A las ocho de la noche las brumas, medio condensadas, estaban tan compactas que se sentía resistencia en la marcha. Parecía que la composición del aire se había modificado, como si fuera a pasar al estado sólido. E involuntariamente yo pensaba en las extrañezas de la isla Tsalal, en aquel agua extraordinaria cuyas moléculas obedecían a una cohesión particular…
Era imposible reconocer si la niebla ejercía acción sobre la brújula. Yo sabía, además, que el hecho había sido estudiado por los meteorologistas, y que éstos se creen con derecho de afirmar que aquella lección no tenía influencia alguna sobre la aguja imanada.
Añado que, desde que habíamos dejado atrás el polo Sur, ninguna confianza podíamos tener en las indicaciones del compás que se agitaba a las proximidades del polo magnético, hacia el que sin duda caminábamos. Así, pues, nada permitía determinar la dirección del
ice–berg.
A las nueve de la noche aquellos parajes quedaron hundidos en profunda obscuridad, bien que el sol en tal época no descendiera aun bajo el horizonte.

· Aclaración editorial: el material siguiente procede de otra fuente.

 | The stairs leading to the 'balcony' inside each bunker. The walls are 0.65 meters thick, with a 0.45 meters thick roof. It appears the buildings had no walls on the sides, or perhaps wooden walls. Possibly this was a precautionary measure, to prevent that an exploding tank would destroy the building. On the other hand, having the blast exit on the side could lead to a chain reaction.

Quiso el capitán Len Guy asegurarse de que los hombres habían vuelto al campamento y prevenir así toda imprudencia de su parte, y llamó a lista.

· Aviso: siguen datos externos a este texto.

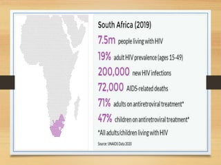 This document discusses HIV and AIDS, providing definitions and key details:

Cada uno, después de responder, fue a su sitio bajo las tiendas, donde los faroles embrumados no despedían más que luz débil.
El mestizo fue el único que no contestó, aunque el contramaestre repitió varias veces su nombre con fuerte
voz.
Hurliguerly esperó algunos minutos.
Dirk Peters no pareció.
¿Había, pues, quedado junto a la canoa?; era probable, aunque inútil, pues nuestra embarcación no corría el riesgo de ser robada en aquel tiempo de nieblas.
—¿Es que nadie ha visto a Dirk Peters durante, el día? —preguntó el capitán Len Guy.
—Nadie —respondió el contramaestre.
—¿Ni al mediodía en la comida?
—No, capitán, y, sin embargo, él no debía de tener provisiones.
—¿Le habrá, pues, sucedido alguna desgracia?
—¡No es de temer! —exclamó el contramaestre—. Aquí Dirk Peters está en su elemento, y en medio de las brumas debe sentir la despreocupación de un oso polar… ¡Ya ha salido con bien una vez…, y saldrá otra!
Dejé hablar a Hurliguerly, sabiendo bien por qué el mestizo se mantenía aparte. En todo caso, desde el momento en que Dirk Peters se obstinaba en no responder, y los gritos del contramaestre habían debido llegar hasta él, era imposible ponerse en su busca.
Aquella noche estoy seguro que, salvo Endicott, tal vez, nadie pudo dormir. Se ahogaba uno bajo las tiendas, en las que faltaba oxígeno. Además, más o menos, todos sentíamos una impresión muy particular, especie de presentimiento extraño, corno si nuestra situación fuera a modificarse para mejor o peor, admitiendo que pudiera empeorar.
La noche transcurrió sin alarma, y a las seis de la mañana todos salieron fuera a respirar un aire más saludable.
El mismo estado meteorológico que la víspera, con brumas de extraordinaria densidad. Se advirtió que el barómetro había subido demasiado aprisa, es cierto, para que la altura, se tomara en serio. La columna marcaba 767 milímetros, el máximo a que había llegado desde que la
Halbrane
pasó el círculo antártico.
Otros indicios había también que debíamos tener en cuenta.
El viento, que refrescaba —viento del Sur desde que habíamos pasado el polo austral—, no tardó en soplar con violencia brisa de dos rizos, como dicen los marinos. Los ruidos de fuera se oían ya más distintamente al través del espacio barrido por las corrientes atmosféricas.
A eso de las nueve el
ice–berg
se descubrió repentinamente de su sombrero de vapores.
¡Indescriptible cambio de decoración, que una varita mágica no hubiera realizado en menos tiempo ni con mayor resultado!